Exercise description: Starting at the line below with "Pesantren Nuris –" and stopping at the line with "It’s so moist", please print each line exactly, those two included, and skip every picture.

Extracted information:
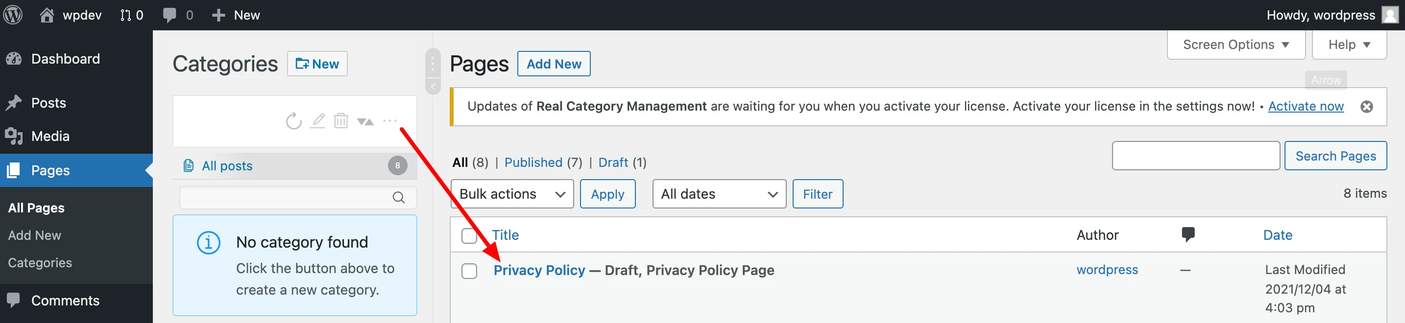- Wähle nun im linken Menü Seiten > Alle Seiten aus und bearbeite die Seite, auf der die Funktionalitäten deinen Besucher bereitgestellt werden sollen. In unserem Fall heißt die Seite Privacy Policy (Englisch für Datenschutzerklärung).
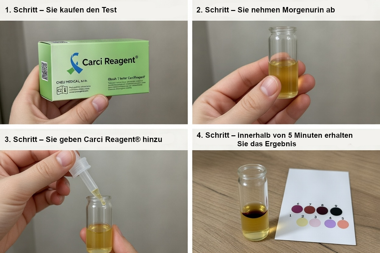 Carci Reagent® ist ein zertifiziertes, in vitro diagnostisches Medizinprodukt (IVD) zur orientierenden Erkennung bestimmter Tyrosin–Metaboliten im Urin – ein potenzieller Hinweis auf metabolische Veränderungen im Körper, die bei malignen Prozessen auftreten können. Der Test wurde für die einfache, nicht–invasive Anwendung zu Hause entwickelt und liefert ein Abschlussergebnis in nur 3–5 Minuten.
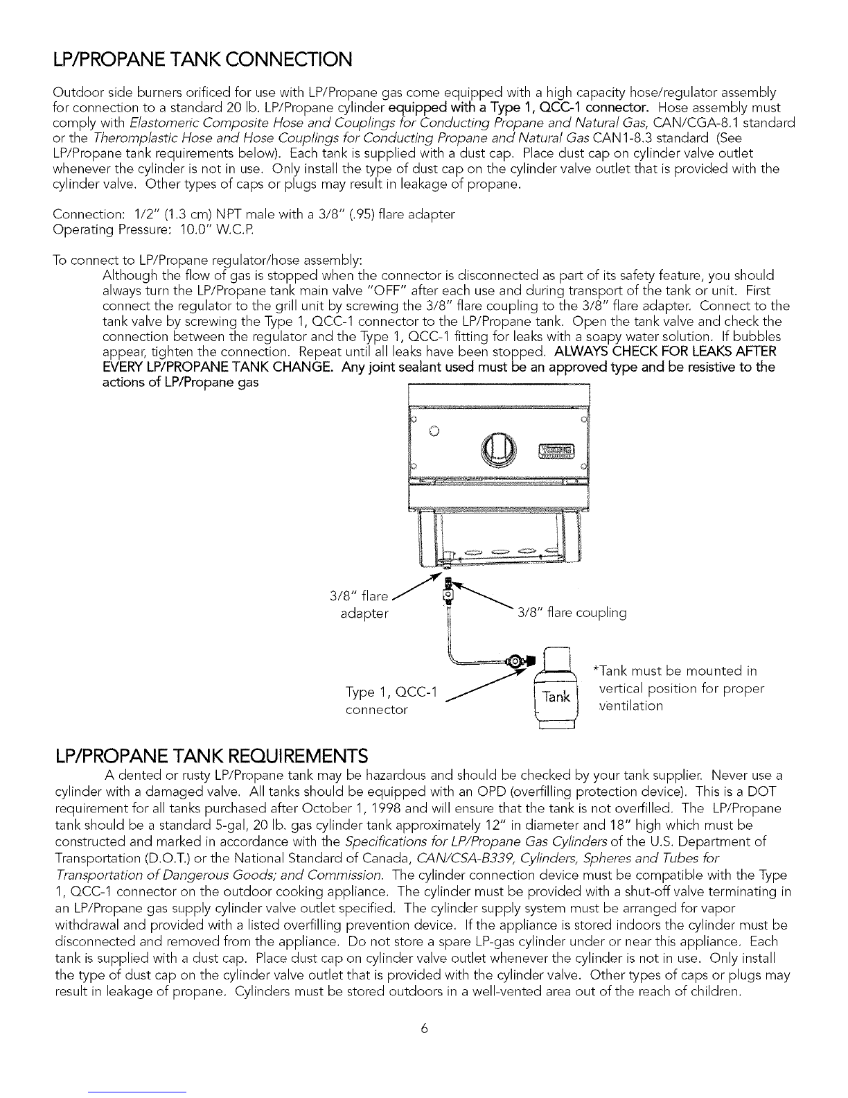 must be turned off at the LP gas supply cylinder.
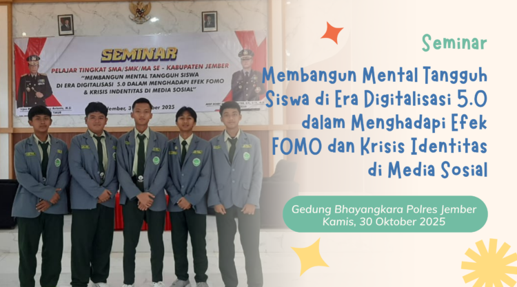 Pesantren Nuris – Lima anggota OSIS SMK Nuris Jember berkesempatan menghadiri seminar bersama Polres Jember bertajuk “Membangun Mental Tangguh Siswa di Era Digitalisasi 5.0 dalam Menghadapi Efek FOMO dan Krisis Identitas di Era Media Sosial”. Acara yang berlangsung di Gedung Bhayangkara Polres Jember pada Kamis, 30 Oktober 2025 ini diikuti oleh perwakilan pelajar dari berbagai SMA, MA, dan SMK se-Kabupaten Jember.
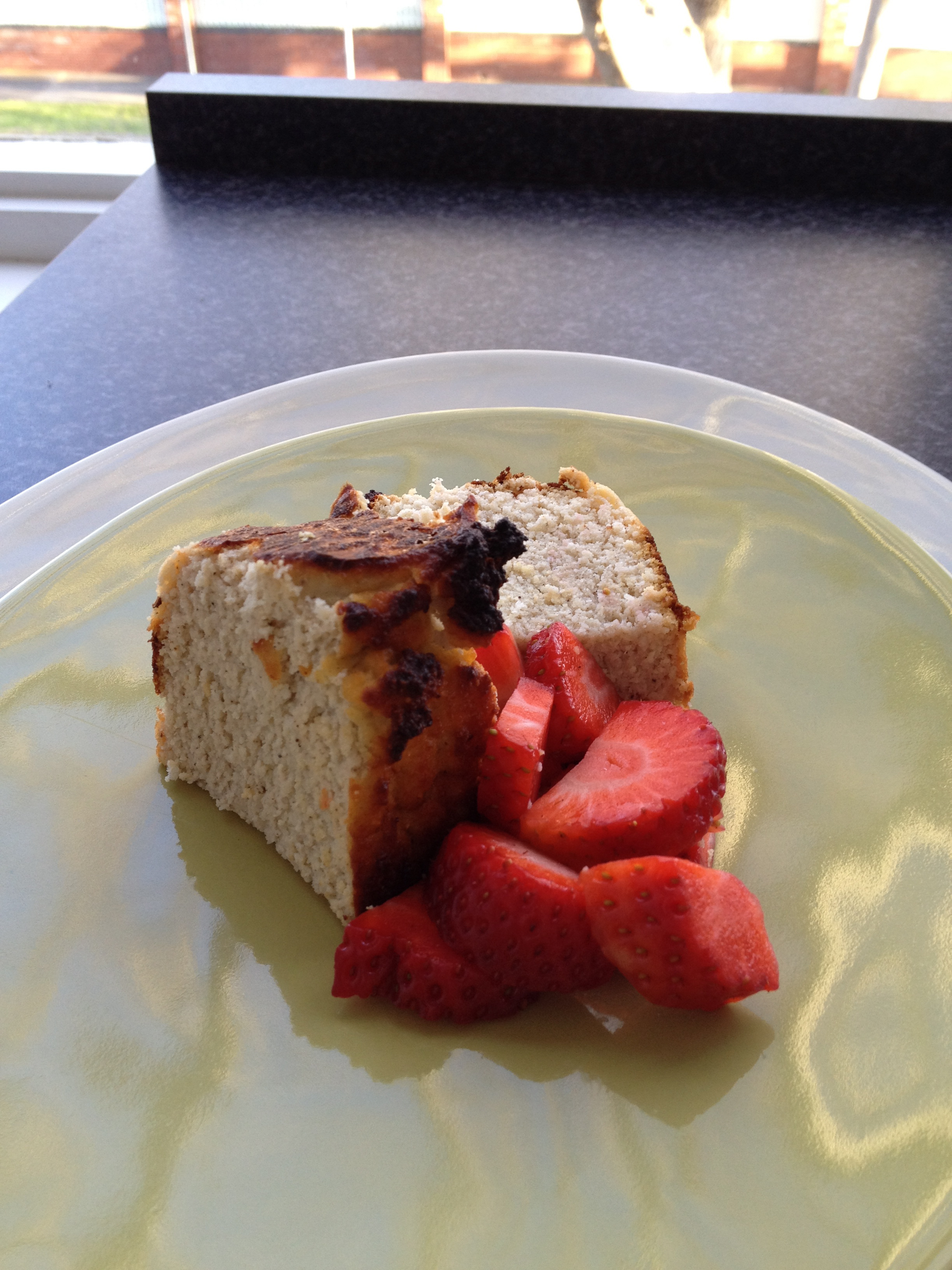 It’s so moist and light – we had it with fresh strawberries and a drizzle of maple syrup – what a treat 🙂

---

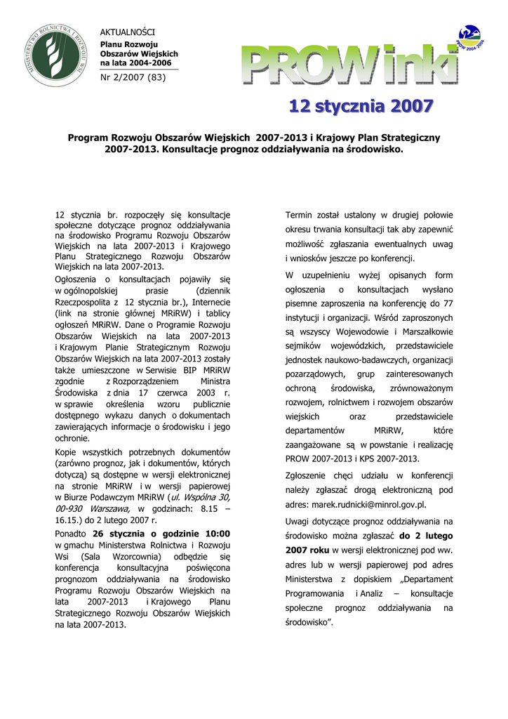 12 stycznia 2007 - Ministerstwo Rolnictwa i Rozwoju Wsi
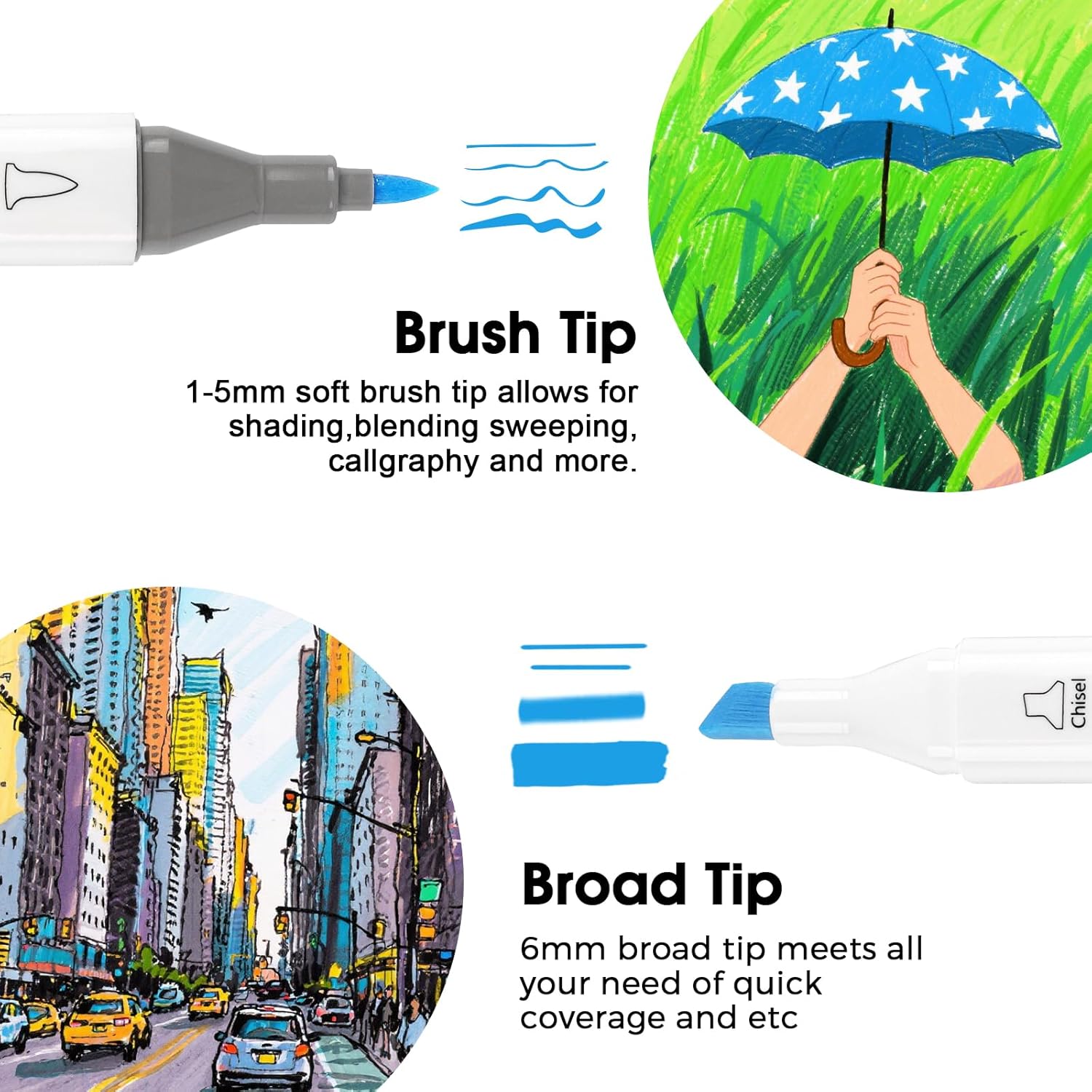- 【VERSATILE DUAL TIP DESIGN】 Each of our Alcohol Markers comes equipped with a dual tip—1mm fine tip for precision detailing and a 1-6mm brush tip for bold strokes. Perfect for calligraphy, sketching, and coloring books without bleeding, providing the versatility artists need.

...

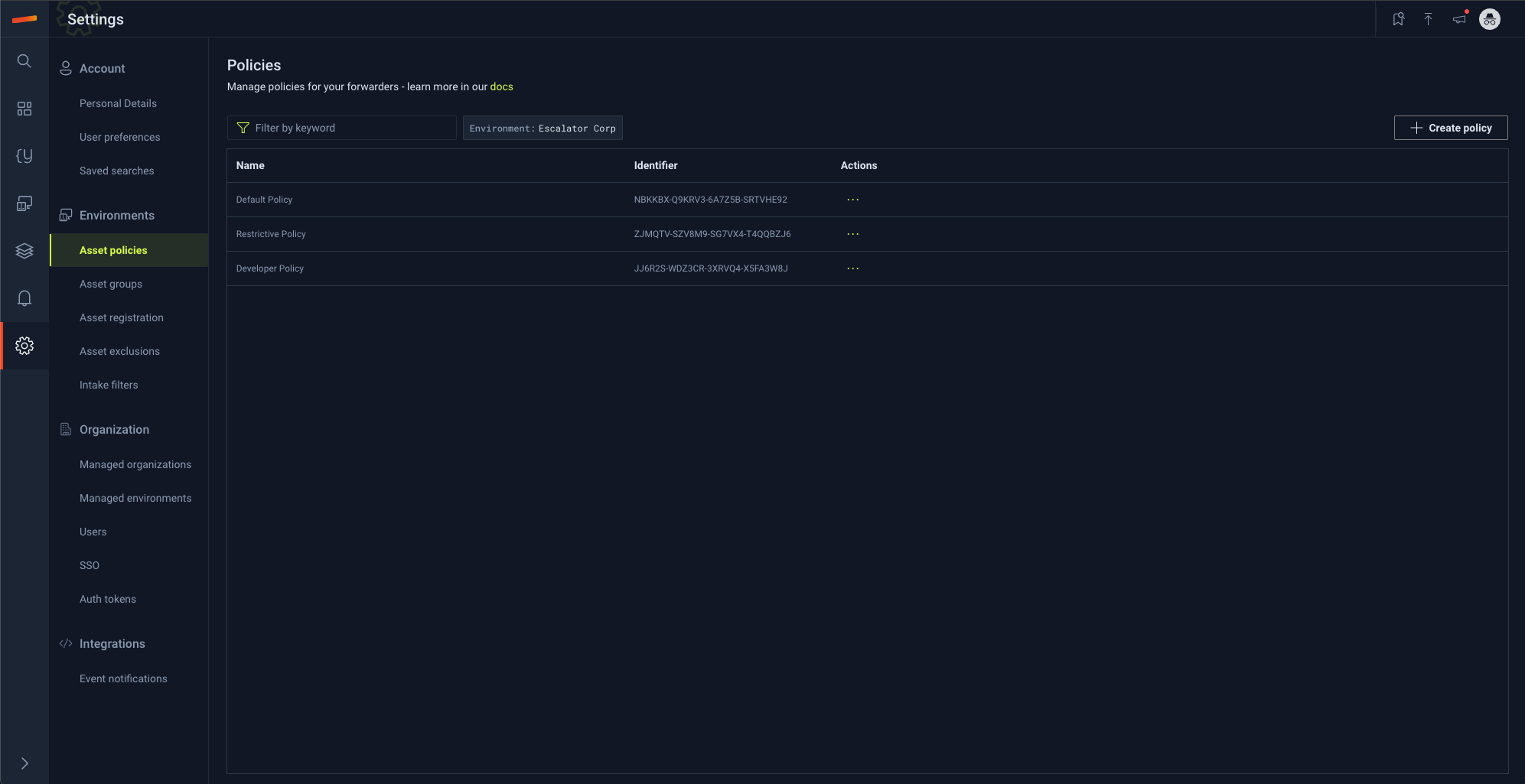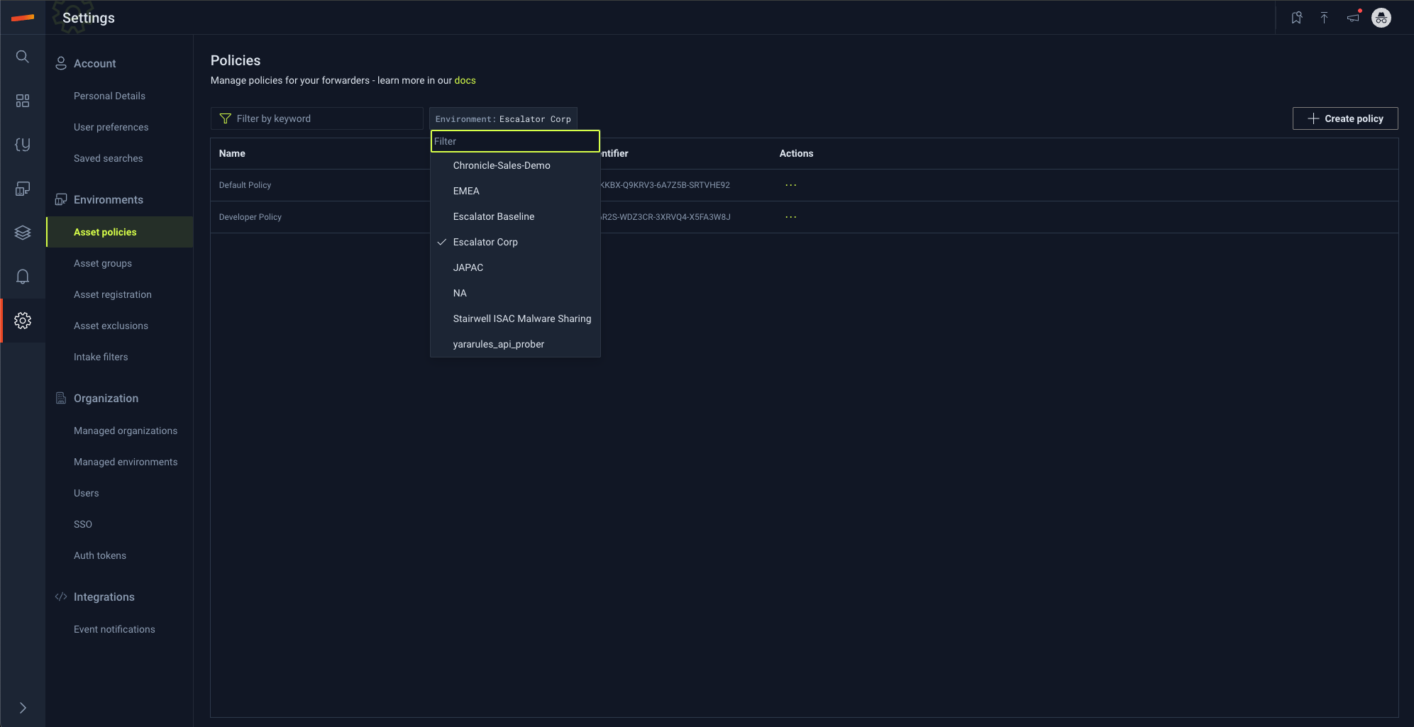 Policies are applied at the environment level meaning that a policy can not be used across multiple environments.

The answer:
 Pesantren Nuris – Lima anggota OSIS SMK Nuris Jember berkesempatan menghadiri seminar bersama Polres Jember bertajuk “Membangun Mental Tangguh Siswa di Era Digitalisasi 5.0 dalam Menghadapi Efek FOMO dan Krisis Identitas di Era Media Sosial”. Acara yang berlangsung di Gedung Bhayangkara Polres Jember pada Kamis, 30 Oktober 2025 ini diikuti oleh perwakilan pelajar dari berbagai SMA, MA, dan SMK se-Kabupaten Jember.
 It’s so moist and light – we had it with fresh strawberries and a drizzle of maple syrup – what a treat 🙂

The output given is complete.